Caso as ameaças contra a Zona Franca de Manaus sejam mesmo concretizadas, os políticos do Amazonas que formam na base política do governo federal precisam ter coragem para defender o modelo e a população do Estado, recorrendo ao STF (Supremo Tribunal Federal), como já aconteceu no passado. É preciso defender a Zona Franca mesmo que seja “brigando, rompendo” (com o governo), mas fazendo aquilo que é obrigação da classe política amazonense. Foi o que afirmou, nesta quinta-feira 30, o deputado Vicente Lopes (PMDB), durante a sessão plenária na Assembleia Legislativa, quando vários parlamentares criticaram declaração do ministro do Desenvolvimento, Indústria e Exterior, Fernando Pimentel.

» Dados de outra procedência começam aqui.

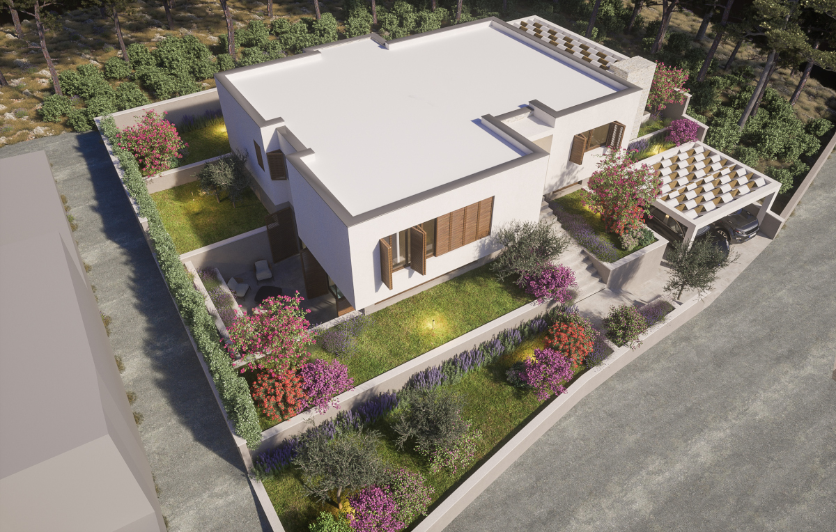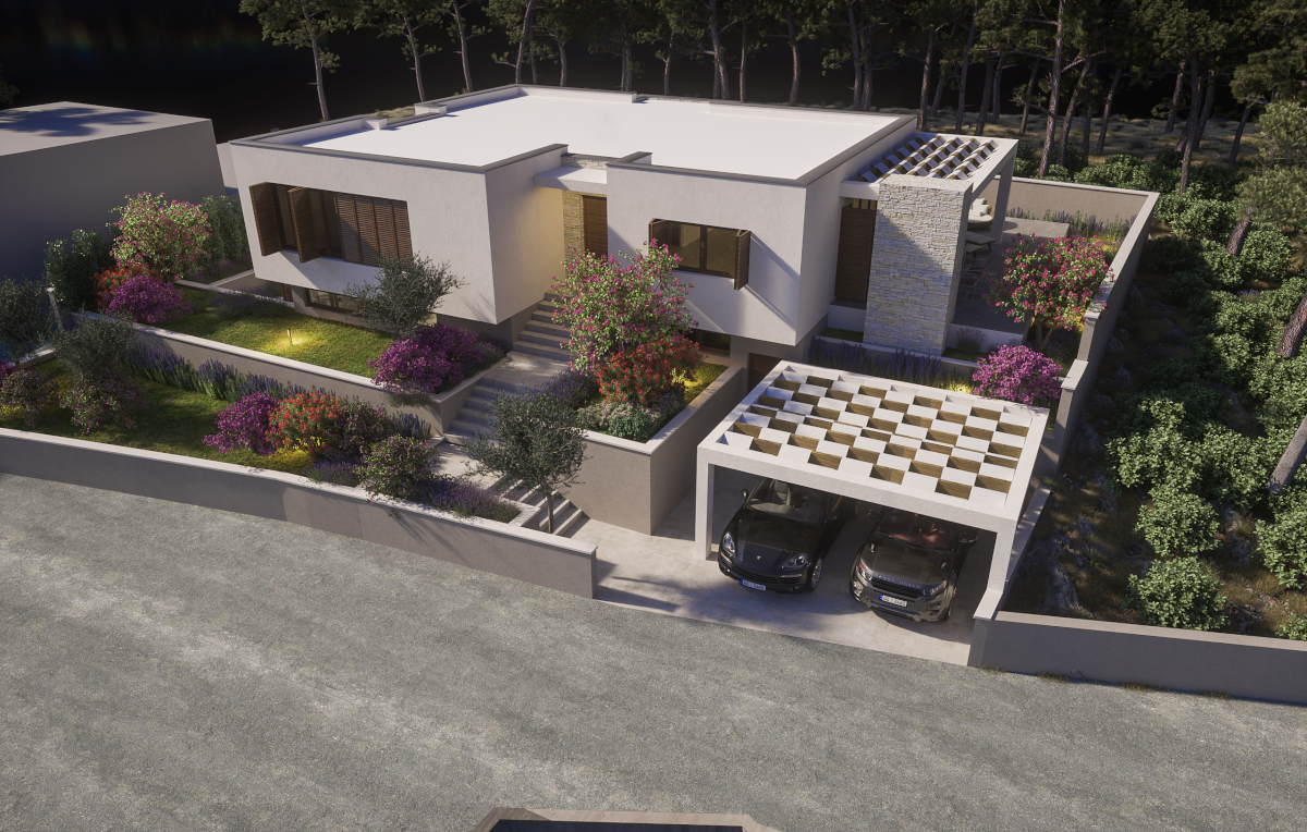 Top location Brodarica just a few meters from the sea new villa project. The total area of the building is 291m2 and extends over two residential floors.The ground floor consist of entrance area, a storage room, a living room, two bathrooms, a fitness area and an indoor swimming pool of 23m2.First floor consist of entrance area, a living room with kitchen and dining area, four bedrooms, four bathrooms and a large terrace of 48m2 .The completion of the construction is by the end of 2020, and at this stage you can participate in the interior decoration of the villa in order to adapt it to your needs. . Please contact the agency for more information.

Na última quinta-feira, o ministro disse que a Zona Franca de Manaus está ameaçada “em função da mudança de paradigma de produção industrial no mundo inteiro” e ainda sugeriu que o modelo busque nova vocação, como uma economia de base ecológica. “Quando Fernando Henrique era presidente, editou uma medida contra a Zona Franca e o governante da época (Amazonino Mendes) teve a coragem de entrar no Supremo Tribunal federal. Espero que a base política que dá sustentaçãopolítica a esse governo, tenha a coragem de ir ao STF, para que a nossa população não venha sofrer pela nossa omissão, nossa incompetência de ver as coisas como devem ser vistas. Não se deve fechar os olhos para uma coisa chamada base de sustentação do governo, por conta desse alinhamento político, em prejuízo da nossa gente”, afirmou Vicente Lopes.

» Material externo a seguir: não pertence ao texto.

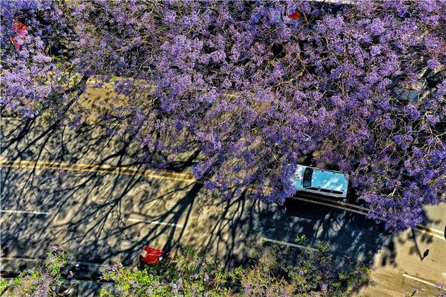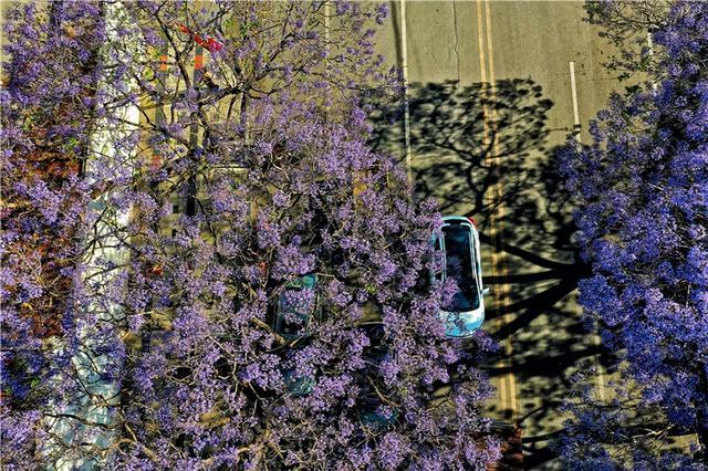 4月下旬以来,四川西昌市城区的蓝花楹已进入花期次第开放,盛开的蓝花楹形成一片片蓝紫色花海,将城市装扮成浪漫的童话世界,备受市民和外地游人的追捧。

De acordo com o deputado, não está havendo reciprocidade do governo federal com o Amazonas, mas ele ainda acredita na classe política que representa o Estado. “Acredito piamente que a classe política do Amazonas não vai se curvar, não vai se deixar vencer por aqueles que estão ocupando o poder com a contribuição do povo amazonense, mas não estão olhando para nós com a mesma reciprocidade e responsabilidade com que os amazonenses olharam para eles na época da campanha eleitoral”. “O que nós precisamos fazer é defender a Zona Franca, mesmo brigando, rompendo, mas fazendo aquilo que é nossa obrigação. Não podemos é assistir, passivamente, o ministro ir à a televisao e dizer que a Zona Franca não tem mais esperança de sobreviver e temos de buscar outra alternativa”.
BR-319
Vicente Lopes voltou ao assunto da BR-319 (Manaus-Rondônia), cuja construção foi prometida também na última campanha presidencial. “Quantas vezes foi dito ao povo do Amazonas que a BR-319 seria construída?”, questionou. Para o restante do país, segundo o deputado, a estrada pode até não significar nada. Mas para o Amazonas significa tirar o Estado do isolamento, ligando-o ao restante do país, além de contribuir para melhor escoamento dos produtos da Zona Franca para o Sul e Sudeste. E esse foi o compromisso da atual presidente da República, Dilma Rousseff, a quem o povo do Amazonas deu a maior votação proporcional do país, lembrou o deputado.
A BR-319, afirmou Vicente Lopes, existe há mais 40 anos. E se não houve “competência para mantê-la trafegável o tempo todo, hoje poderia ser recuperada perfeitamente, já que o governo federal tem recursos”. Para ele, como a estrada já existe há tantos anos, o que se pretende é apenas a sua recuperação. Por isso não entende qual dano ambiental mais vai causar com a recuperação. “Há uma regra na vida: tudo tem custo, vemos isso no dia a dia. O que vale mais: as árvores que estão no trajeto da BR-319 ou o desenvolvimento de milhões de pessoas que moram naquela região?”, insistiu.